Crucial though it is, financing is only one very important part of the equation.
Getting the people and supplies to where they are needed required more than just funds, and the recent creation of WHO global logistics hubs has helped ensure rapid, efficient delivery of lifesaving supplies to countries.
In Ukraine alone WHO delivered more than 2500 metric tons of emergency medical supplies worth US$ 61 million, including trauma and surgery kits, ambulances, power generators and the installation of two large O2 production plants to improve hospital access to oxygen.
To combat the global cholera outbreak, WHO delivered US$ 14 million of emergency cholera kits, providing treatment to more than 432 000 people, as well as more than 500 000 cholera rapid tests.
The WHO Logistics Hub in Dubai expanded its warehouse capacity to more than 20 000 square meters in late 2021, enabling it to deliver US$38 million in health supplies in 2022 to 90 countries through more than 578 shipments to all WHO regions, representing an annual 341% increase since the Hub was opened in 2019. A new WHO hub established in Nairobi aims to replicate Dubai’s success.
Alongside vital supplies, the technical support and operational capacity provided through surge deployment mechanisms of WHO and its partners continued to save lives in 2022. The Global Outbreak Alert and Response Network, for example, made 111 deployments in support of 11 emergency response operations throughout 2022. Deployed experts covered a broad range of disciplines including coordination, epidemiology and surveillance, laboratory, case management, infection prevention and control, risk communication and community engagement.
To respond effectively to the ever-increasing scale and complexity of health emergencies in the 21st century, however, WHO is working with partners to rethink how the world collectively trains, maintains, equips, coordinates, networks and leads the world’s health emergency workforce.

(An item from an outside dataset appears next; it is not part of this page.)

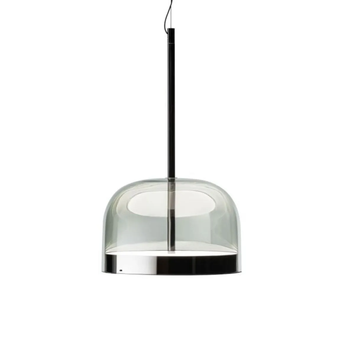 Equatore est la réinterprétation avec un goût contemporain des lampes classiques avec abat-jour en verre. Si, dans les abat-jour traditionnels, le diffuseur contient la sources lumineuse, dans cette famille de lampes, il est paradoxalement et suggestivement vide et l’effet lumineux est produit par deux disques lumineux situés à l’intéireur d’une bande métallique central, visible sur l’abat-jour est rappelant la ligne de l’Équateur. La lumière produite par les Led, grâce aux écrans intérieurs disposés en couches, se distribue régulièrement sur la surface des disques, en les faisant rayonner d’une lumière magique. Le disque inférieur produit une émission lumineuse vers le bas, tandis que le disque supérieur éclaire la calotte de verre, pour donner une diffusion douce de la lumière. Disponible en versions de table, de sol et à suspension, en deux mesures.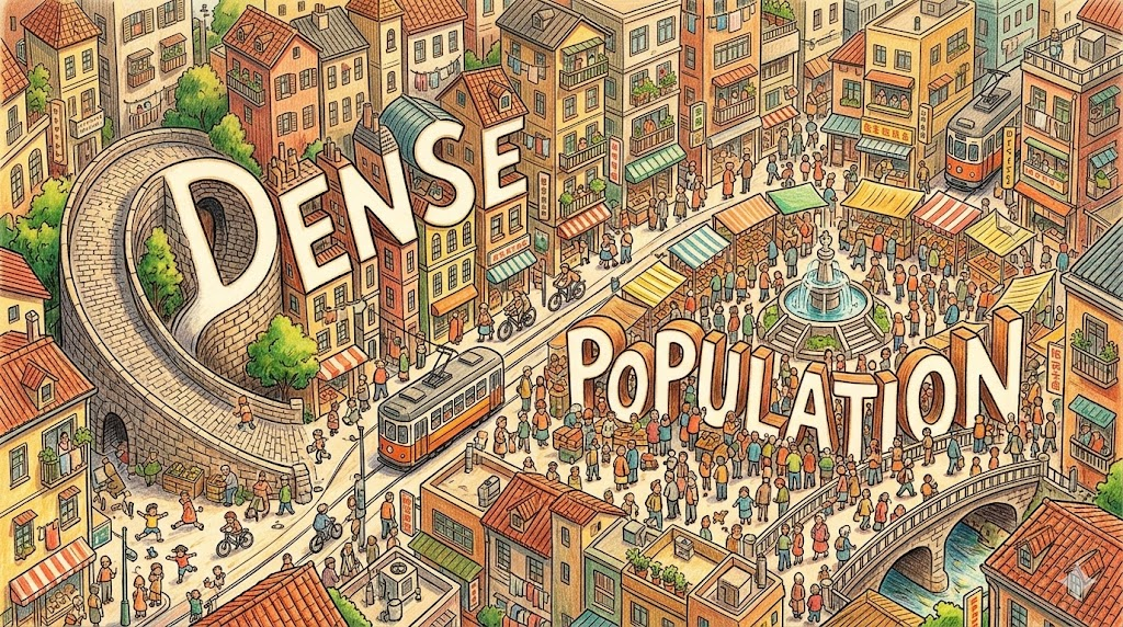 | 물리적 밀집 | dense population | 조밀한 인구 | 좁은 면적에 사람들이 몰려 사는 상태 |

Ultimately every country must be able to respond rapidly and effectively to national health emergencies, and call on regional and global friends and neighbours for rapid, predictable, coordinated support in times of need.
The fundamental building block of a global health emergency workforce is a well-trained national health emergency workforce in every country. In 2022 WHO set out a 5-year roadmap to strengthen the multidisciplinary workforce required to carry out essential public health functions, including emergency preparedness and response, in every Member State. In 2023 WHO aims to work with partners to build on the roadmap by accelerating the development of multidisciplinary national health emergency workforce and leadership capacities at the intersection of health security, primary health care, and health promotion, and continue to strengthen our collective ability to respond rapidly in a world where threats to health continue to multiply.